Source data START

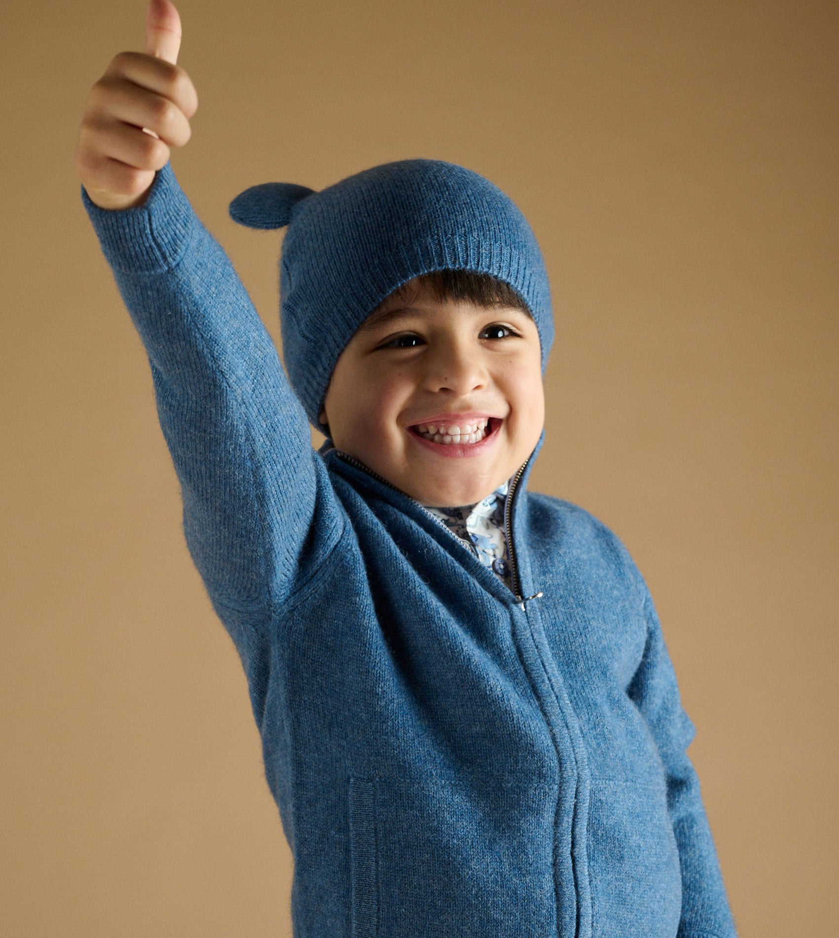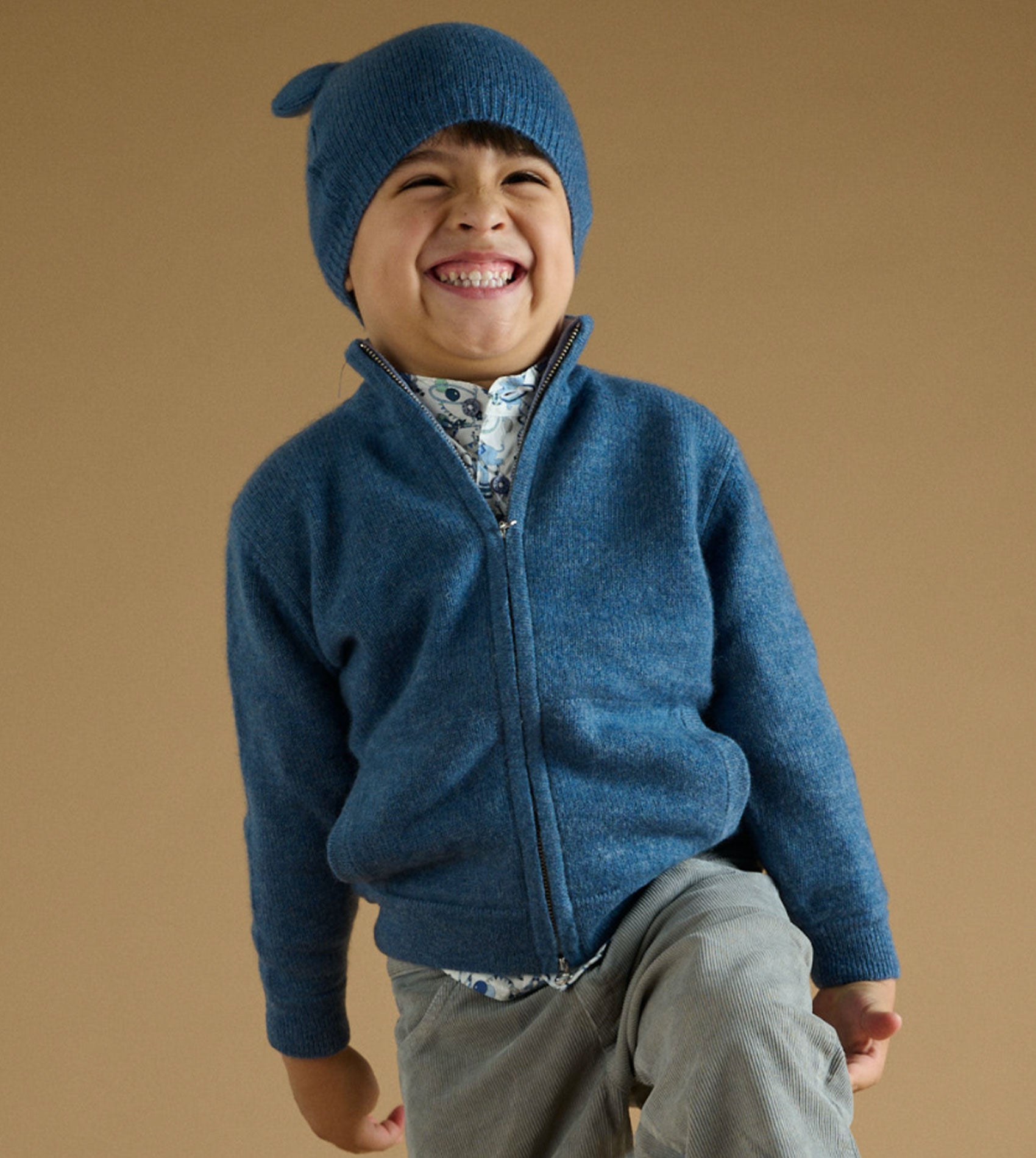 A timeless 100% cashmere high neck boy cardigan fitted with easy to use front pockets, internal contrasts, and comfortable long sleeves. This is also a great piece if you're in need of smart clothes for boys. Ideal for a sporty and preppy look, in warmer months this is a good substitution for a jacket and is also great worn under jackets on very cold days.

Source data END
Source data START

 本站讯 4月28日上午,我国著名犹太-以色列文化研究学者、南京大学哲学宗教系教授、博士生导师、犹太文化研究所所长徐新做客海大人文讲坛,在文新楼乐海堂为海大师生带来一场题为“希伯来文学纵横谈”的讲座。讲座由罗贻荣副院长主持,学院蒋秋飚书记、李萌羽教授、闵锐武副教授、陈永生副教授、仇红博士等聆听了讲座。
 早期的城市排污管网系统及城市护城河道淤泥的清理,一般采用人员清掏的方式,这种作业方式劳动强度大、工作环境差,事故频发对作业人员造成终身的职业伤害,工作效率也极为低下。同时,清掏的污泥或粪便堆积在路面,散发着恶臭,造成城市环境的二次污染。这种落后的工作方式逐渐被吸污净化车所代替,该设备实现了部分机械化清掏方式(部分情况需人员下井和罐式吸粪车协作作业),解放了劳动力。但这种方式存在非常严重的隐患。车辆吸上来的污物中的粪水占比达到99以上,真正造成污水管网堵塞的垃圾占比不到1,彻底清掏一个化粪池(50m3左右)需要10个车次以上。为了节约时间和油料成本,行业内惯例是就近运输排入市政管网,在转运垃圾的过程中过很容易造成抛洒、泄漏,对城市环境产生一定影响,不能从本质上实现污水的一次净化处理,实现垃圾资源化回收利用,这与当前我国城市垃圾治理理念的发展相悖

Source data END

■ Your objective ■
Among the entries above, the line containing "本站讯 4月28日上午,我国", the line containing "早期的城市排污管网系统及城市", and all lines between them are to be restated word for word; nothing else belongs in the reply.

■ Solution to the exercise ■
 本站讯 4月28日上午,我国著名犹太-以色列文化研究学者、南京大学哲学宗教系教授、博士生导师、犹太文化研究所所长徐新做客海大人文讲坛,在文新楼乐海堂为海大师生带来一场题为“希伯来文学纵横谈”的讲座。讲座由罗贻荣副院长主持,学院蒋秋飚书记、李萌羽教授、闵锐武副教授、陈永生副教授、仇红博士等聆听了讲座。
 早期的城市排污管网系统及城市护城河道淤泥的清理,一般采用人员清掏的方式,这种作业方式劳动强度大、工作环境差,事故频发对作业人员造成终身的职业伤害,工作效率也极为低下。同时,清掏的污泥或粪便堆积在路面,散发着恶臭,造成城市环境的二次污染。这种落后的工作方式逐渐被吸污净化车所代替,该设备实现了部分机械化清掏方式(部分情况需人员下井和罐式吸粪车协作作业),解放了劳动力。但这种方式存在非常严重的隐患。车辆吸上来的污物中的粪水占比达到99以上,真正造成污水管网堵塞的垃圾占比不到1,彻底清掏一个化粪池(50m3左右)需要10个车次以上。为了节约时间和油料成本,行业内惯例是就近运输排入市政管网,在转运垃圾的过程中过很容易造成抛洒、泄漏,对城市环境产生一定影响,不能从本质上实现污水的一次净化处理,实现垃圾资源化回收利用,这与当前我国城市垃圾治理理念的发展相悖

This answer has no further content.